In a sense, the screenplay is the true star of the film, akin to the manner in which the screenplay is the star of Pulp Fiction. The script muses on and illustrates the interconnecting properties of faith, the rule of law and the trappings of virtues sold for profit, among other philosophical points. What’s remarkable is that the dialogue unites the conceptual equivalent of cats and dogs, managing to be both scholarly and entertaining. For anyone who’s ever done a master’s degree in political science knows that scholarly and entertaining are thoroughly divorced from one another.

Among the many noteworthy sequences of dialogue, there are many kernels embedded in the exchange between More and the Cardinal Wolsey, who vainly attempts to persuade him to give a thumbs up to the divorce so that the King can marry Anne Boleyn.  

Cardinal Wolsey: That... thing out there; at least she's fertile.
Sir Thomas More: She's not his wife.
Cardinal Wolsey: No, Catherine's his wife and she's barren as a brick; are you going to pray for a miracle?
Sir Thomas More: There are precedents.

Obviously, wonderful conversations like these require the abilities of capable actors to unlock their wit and wisdom.

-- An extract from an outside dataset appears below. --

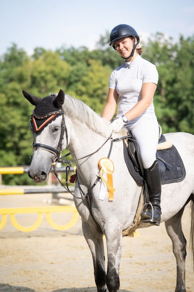 Berry to 9-letnia siwa klacz od Cool Man K x Clerus. Zdobyła zwycięstwa w skokach przez przeszkody kategorii M oraz odnosiła sukcesy w ujeżdżeniu klasy A i w konkurencji wszechstronnej. Jej pasją są skoki przez przeszkody, gdzie zachwyca doskonałą ujeżdżalnością i sportowym podejściem… widać, jak czerpie radość z jazdy przez parkur. Na co dzień jeździ na zwykłej wodzy i bez użycia sporen, wyłącznie pod opieką moich dwójki dzieci (13 i 17 lat). W obejściu jest spokojna i łatwa w obsłudze, spokojnie znosi czyszczenie, jest przyjazna wobec czapraka i pewna na terenie. Hodowana jest u nas w boksie i na padoku, przez cały rok wypasa się na wspólnej pastwisku z inną grupą koni. To koń o dużym potencjale i rozsądku, idealny dla ambitnego jeźdźca poszukującego sportowego konia gotowego do jazdy od razu. Chętnie udzielę więcej informacji i prześlę filmy na życzenie. Kontakt: 0160 / 360 35 13

Everyone in A Man for All Seasons is truly equal to the task, even Vanessa Redgrave, who, as Anne Boleyn, does nothing but make eyes at Henry VIII. Everyone inhabits their roles so precisely that the story’s events elicit genuine admiration, frustration and ultimately rage at the injustices wielded about. Paul Schofield is nothing if not commendable as Sir Thomas More. It’s a role that would seem to tempt actors to tread heavily into noble and passionate gestures and tones. But Schofield tethers his performance to the virtues of restraint, expressing More’s convictions like a mountain: quiet, majestic, yet immovable.

John Hurt also gives a standout performance as Richard Rich; a nebbish, rat-faced acquaintance of More’s who scuttles around his ankles, begging him for a position in the King’s Court. The antithesis of principle, Rich eventually sells out to aid the forces conspiring to bring More down in exchange for an appointment at court. Hurt perfectly embodies the insecure man with a storefront stocked full of virtues ready to be sold to anyone for the right price. His trembling manner and anxious expression imbue him with rodent-like characteristics that make the final courtroom scene an unforgettable moment when Rich quivers in bearing false testimony against More.

If there is one complaint worth registering against the film, it’s that visibly it felt too sensible and plain, which is disappointing from a director like Zinnemann. I suppose it’s due to the fact that it’s based on a theatrical work, but in several stretches the film felt like a recorded play on stage. Snooze. It’s exciting and energetic to experience live theater, sure, but it can be downright dull to watch theater on film. It drags and can be uninspiring. At times, A Man for All Seasons comes perilously close to putting its foot in those traps. It doesn’t use space effectively. The power and potential effects of editing are reduced to a minimum. Scenery is underutilized to foment any shock and awe. It feels largely unimaginative; eschewing the freedoms that a film adaptation can offer in so many areas that a confined stage can’t.

But the fact that A Man for All Seasons has the drab look of an old BBC production and can still retain electricity and wit is a testament to the films overall strength. It's not going to be put into a corner. But if you can forgive the film of it visual shortcomings, it’s a rewarding cinematic experience, one that you’re not likely to find among new releases today, given the indifference and/or hostility toward telling stories of men of great faith and courage. (And no, the current version of Noah doesn’t count).

Favorite Line: When More denies Rich’s request to help him secure a position in court, More suggests an different profession for him altogether, while simultaneously teaching him a lesson in the importance of perspective. 

Sir Thomas More: Why not be a teacher? You'd be a fine teacher; perhaps a great one.
Richard Rich: If I was, who would know it?
Sir Thomas More: you; your pupils; your friends; God. Not a bad public, that.